Another thing they had never been able to impress on her was the art of tactful lying. At family dinner parties she didn't hesitate to respond to the comment "Don't you think Aunt Isabelle has lost a lot of weight?" with a short and painfully honest, "No, not really."

"Why should she have?" Natalie would say, when reprimanded, "She looks better plump." Her parents wondered if she was a bit simple.

And she was so pretty - and so why did she insist on shying away from all make-up apart from black eye-shadow and weird purple contact lenses?

She never played those classical CDs they bought her either. She preferred to frighten the neighbours with dreadful rock music like the Beatles.

Her parents despaired.

Natalie, on the other hand, retired with the dark chocolate and wondered how she'd got such ridiculous parents.

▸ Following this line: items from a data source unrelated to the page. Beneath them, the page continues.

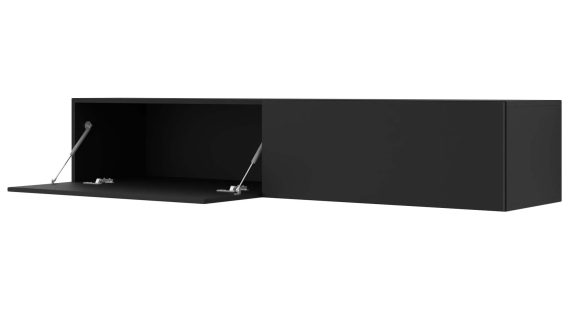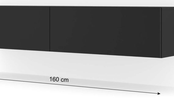 Mebel zawiera dwie sekcje otwierane w dół – idealne do przechowywania dekoderów, konsol, dokumentów czy nawet ładowarek. Dzięki szerokości 160 cm oferuje naprawdę dużo miejsca, nie zajmując jednocześnie wizualnej przestrzeni. Wykonana z laminowanej płyty meblowej 16 mm i elementów z MDF, jest trwała, odporna na zabrudzenia, zarysowania i wilgoć – to nie tylko estetyka, ale też życiowa funkcjonalność.
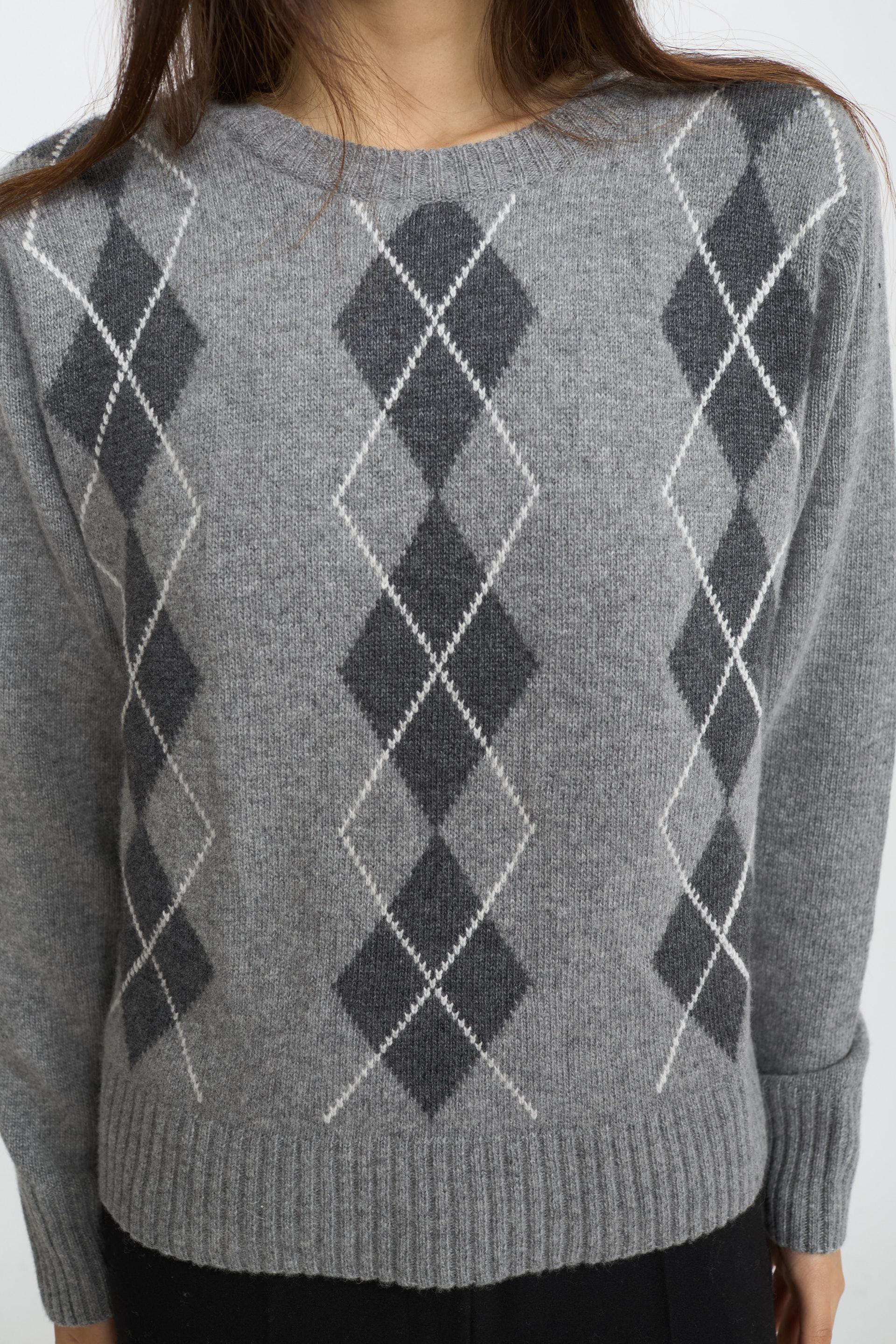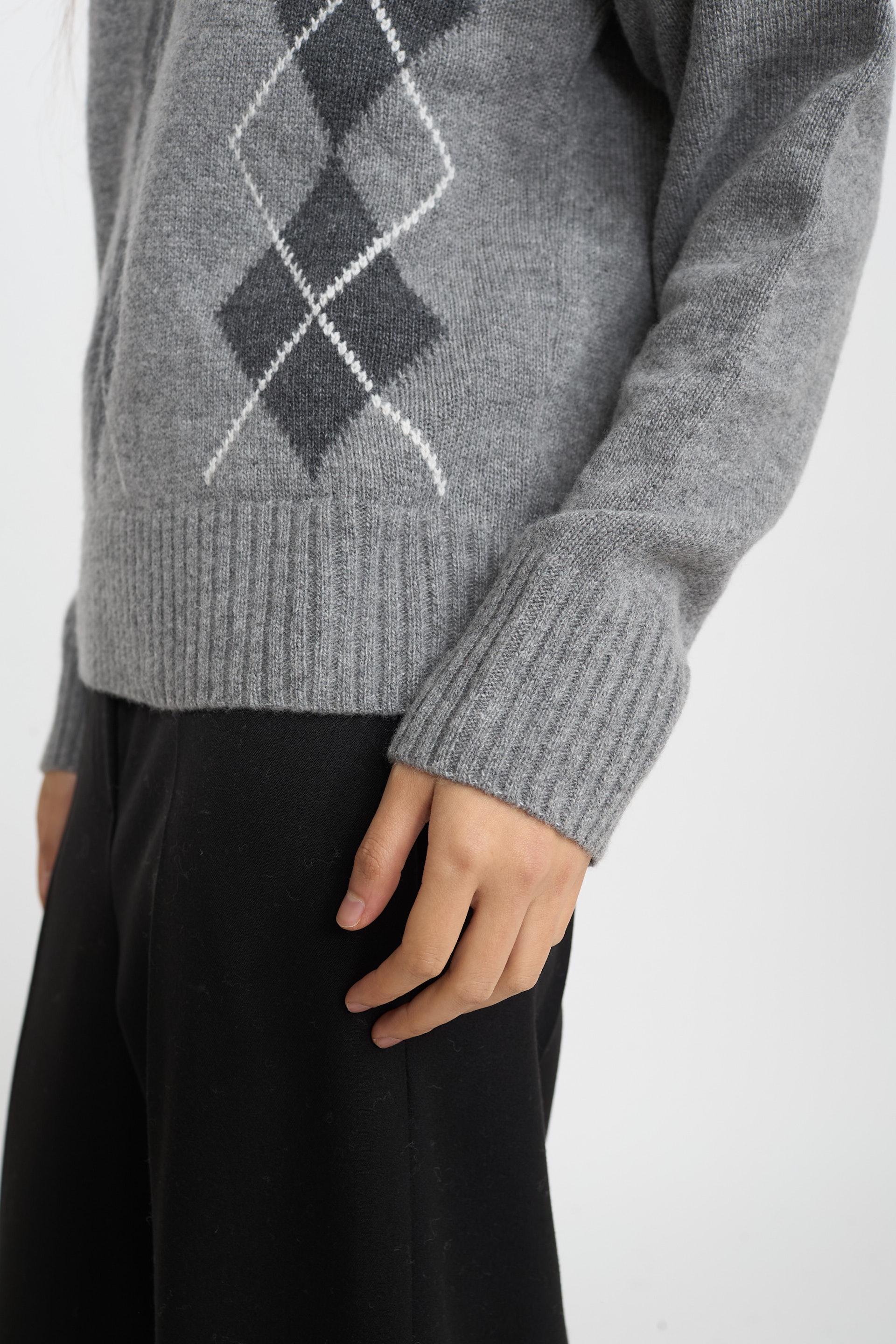 | Maglia girocollo in misto cachemire fantasia rombi. Lavorazione a costine su scollo, polsini e orlo. | ||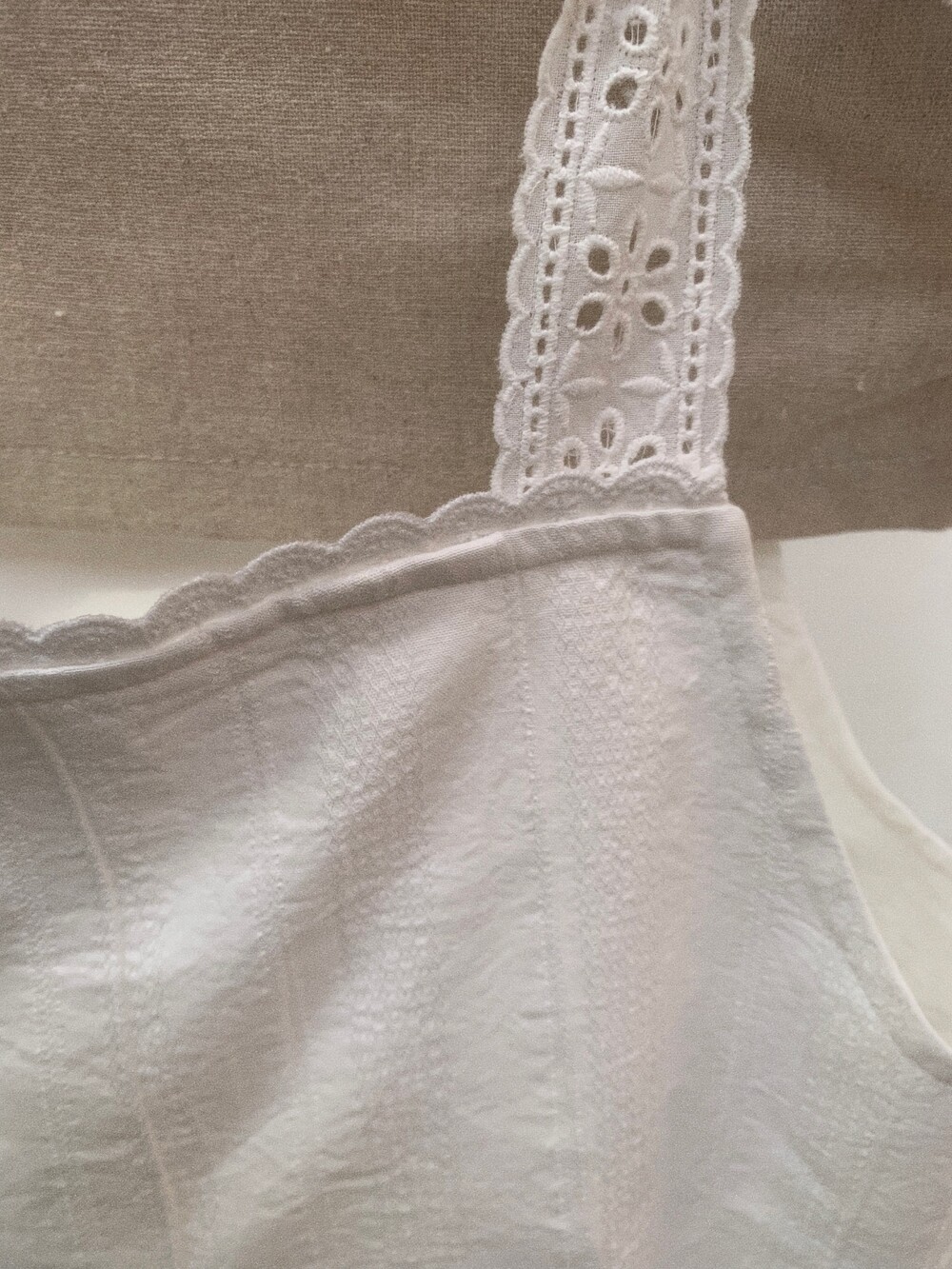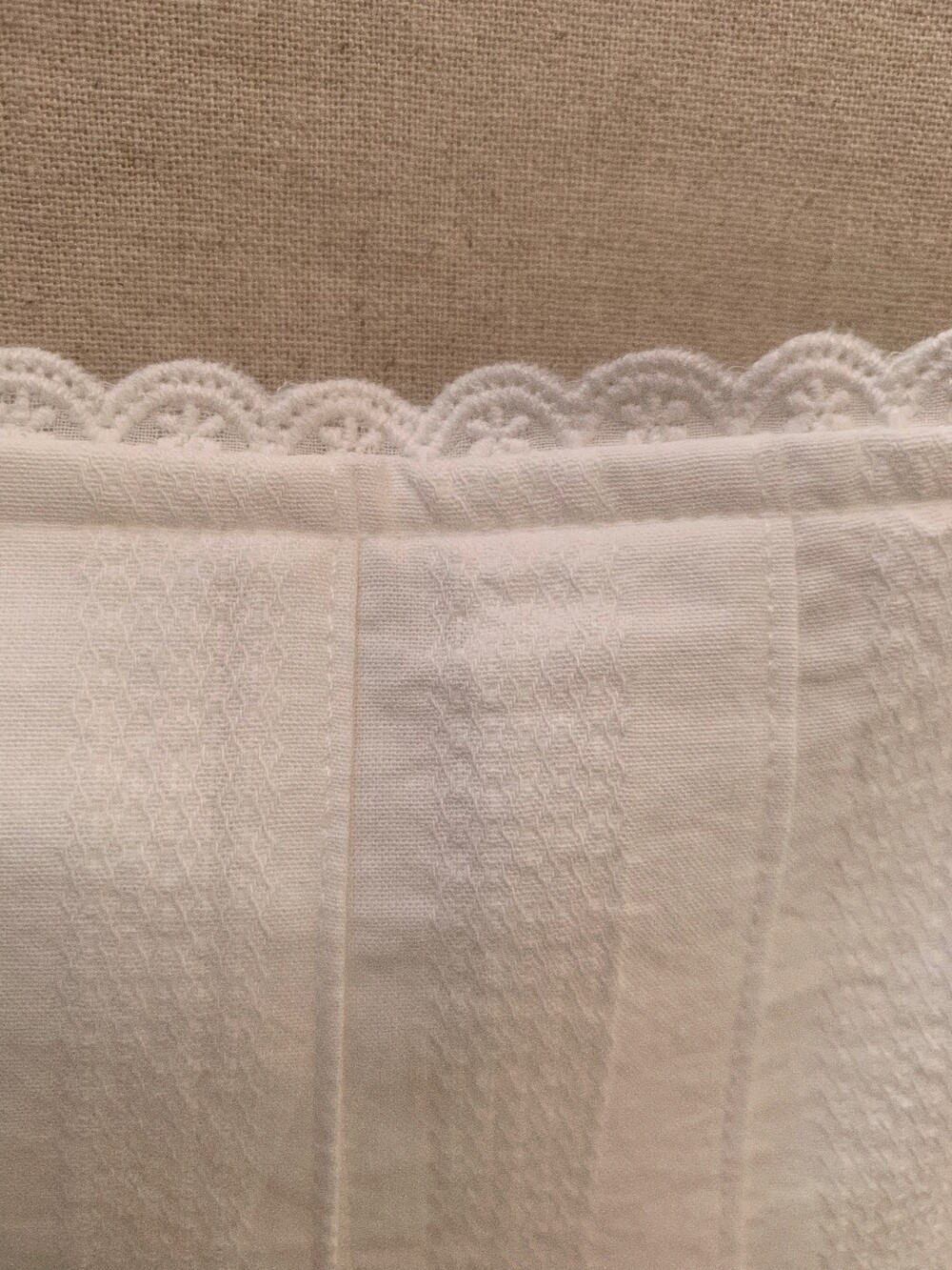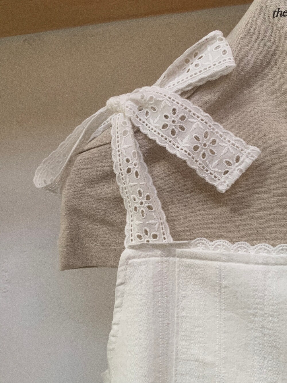 부드러운 아이보리 코튼 소재에 미미와 동일한 아일렛 테잎을 달아주었습니다.

I like writing games, because the idea is that everyone (who isn't too shy to :) ) reads something out, and even if it's a bit naff or unstructured, no-one really minds. I'm a bit shy to bring along my other stuff to read, most of the people who read write fantasy or sci-fi, or poetry which is kinda cool, but I don't have anything under those genres which I would dare read out :) (Except maybe The Crystal Set, I have a feeling they'd like that story). Someone read the first chapter of his novel yesterday, it was first person present tense, very cleverly written. Most of my own stuff is rather mainstream... maybe deceptively so :) And I write about teenagers mostly, because I still am a teenager, and we teenagers are much more interesting than you might think. It saddens me that things written about teenagers are usually considered substandard unless the writer was J.D. Salinger or J.K. Rowling (or William Shakespeare, as the above Oscar Wilde quotation about Juliet demonstrates). But then I had this rant a while back...

Three hour practical today. Actually, it wasn't that long (we got to leave early) but it felt it :) Onion cells... It was mainly learning how to use the microscopes, useful but not very interesting.